- Born: 1961 (age 64–65) Owen Sound, Ontario, Canada
- Known for: illustrator

= Shelagh Armstrong =

Canadian illustrator (born 1961)

Shelagh Armstrong (born 1961) is a Canadian illustrator, and was the recipient of the 1985 Will Davies award for excellence in illustration.

==Life and career==
Born in Owen Sound, Ontario, Armstrong is a graduate of the University of Toronto and Ontario College of Art. She holds degrees in Fine Arts and Communications and Design. In 2023, Shelagh received a M.A. in Illustration with distinction from Falmouth University in the U.K.

Launching her illustration career in the Canadian book industry, and working with publishing houses such as McClelland and Steward and McGraw-Hill, Armstrong’s diverse artistic accomplishments also include book cover illustration for acclaimed authors as Alberto Manguel, Dionne Brand, Lillian Nattel, and Shauna Singh Baldwin.
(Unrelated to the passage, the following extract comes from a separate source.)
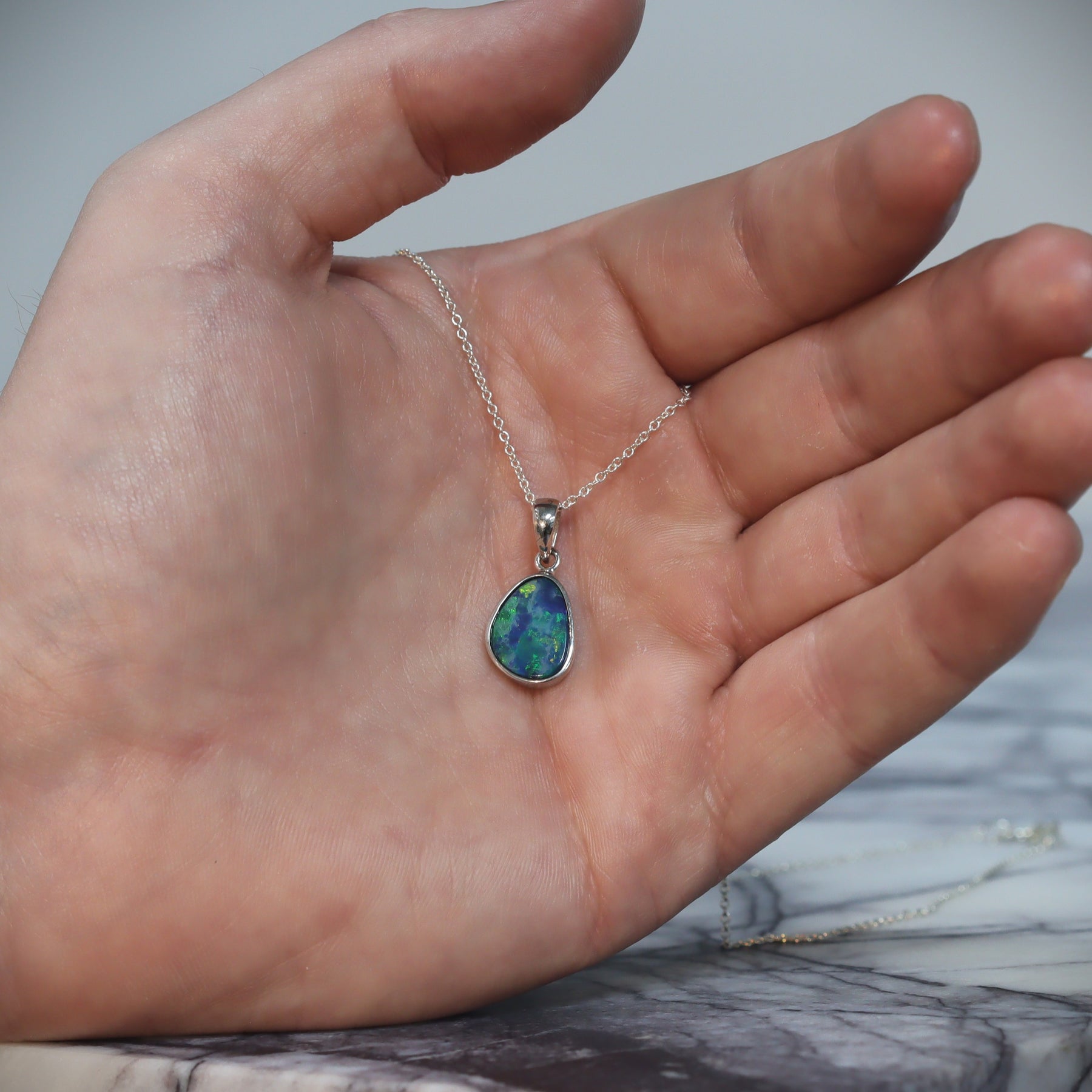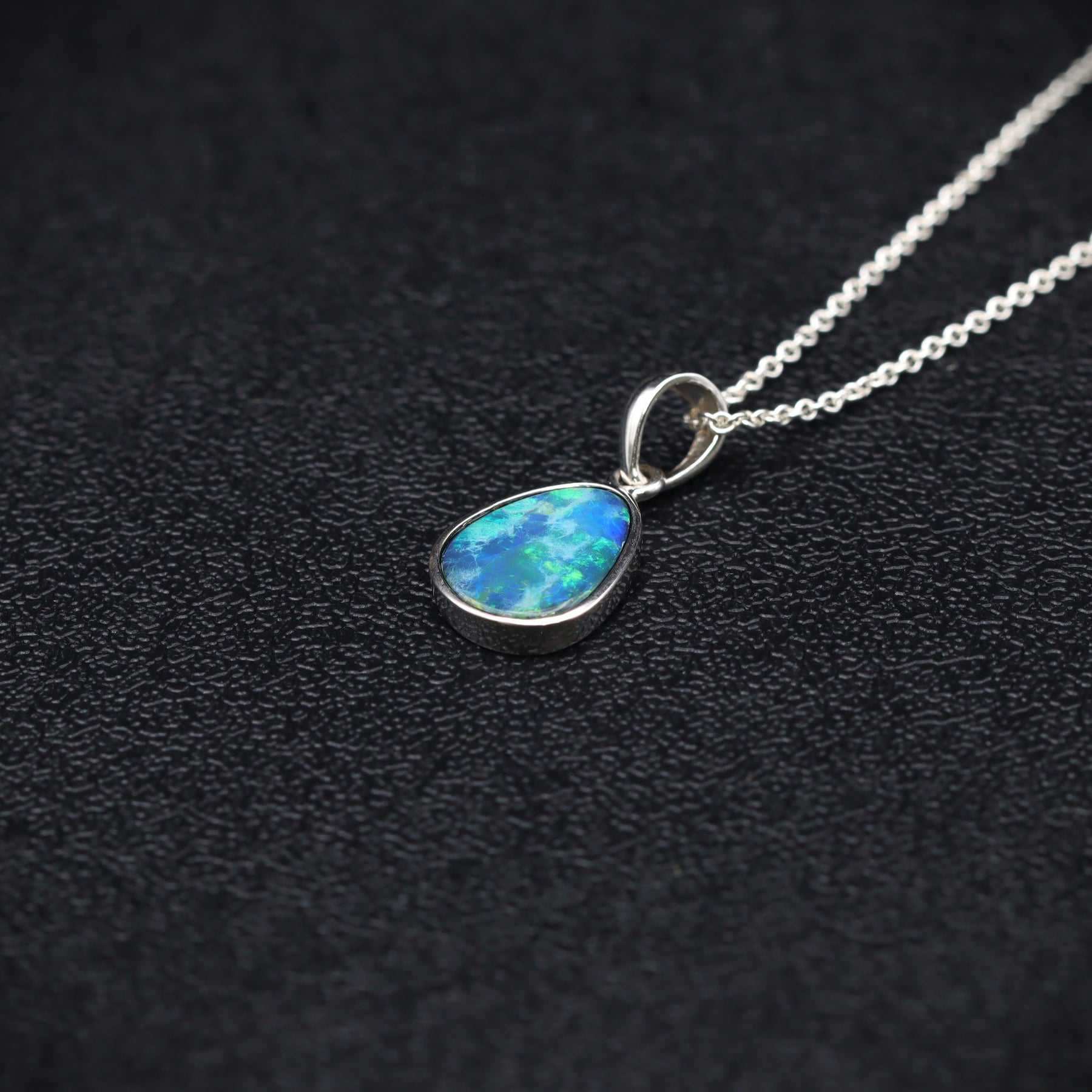 Featuring a luminous blue-green Australian opal doublet, this pendant is beautifully set in sterling silver. Its refined design enhances the stone’s natural brilliance, making it a classic choice for opal lovers and collectors.

Armstrong has worked as a courtroom illustrator, with retail fashion companies, and with top Canadian design firms. During her career, Armstrong has been commissioned for private portraits and exhibits her work in private and university galleries, group and solo exhibits.

She has received commissions from Canada Post for two Canadian stamps - Royal Agricultural Winter Fair and Canada's International Year of the Older Persons. She was also commissioned by the Royal Canadian Mint to create various coins. Her first coin was the 1999 Special Edition Proof Silver Dollar for the International Year of the Older Persons. The coin supported Canada's concept of A Society for All Ages. In 2010, she created a coin for the XXI Olympic Winter Games held in Vancouver. She created a design named Athletes' Pride, struck on both a 2007 $25 Sterling Silver Hologram Coin and a 2007 $75 Gold Coloured Coin.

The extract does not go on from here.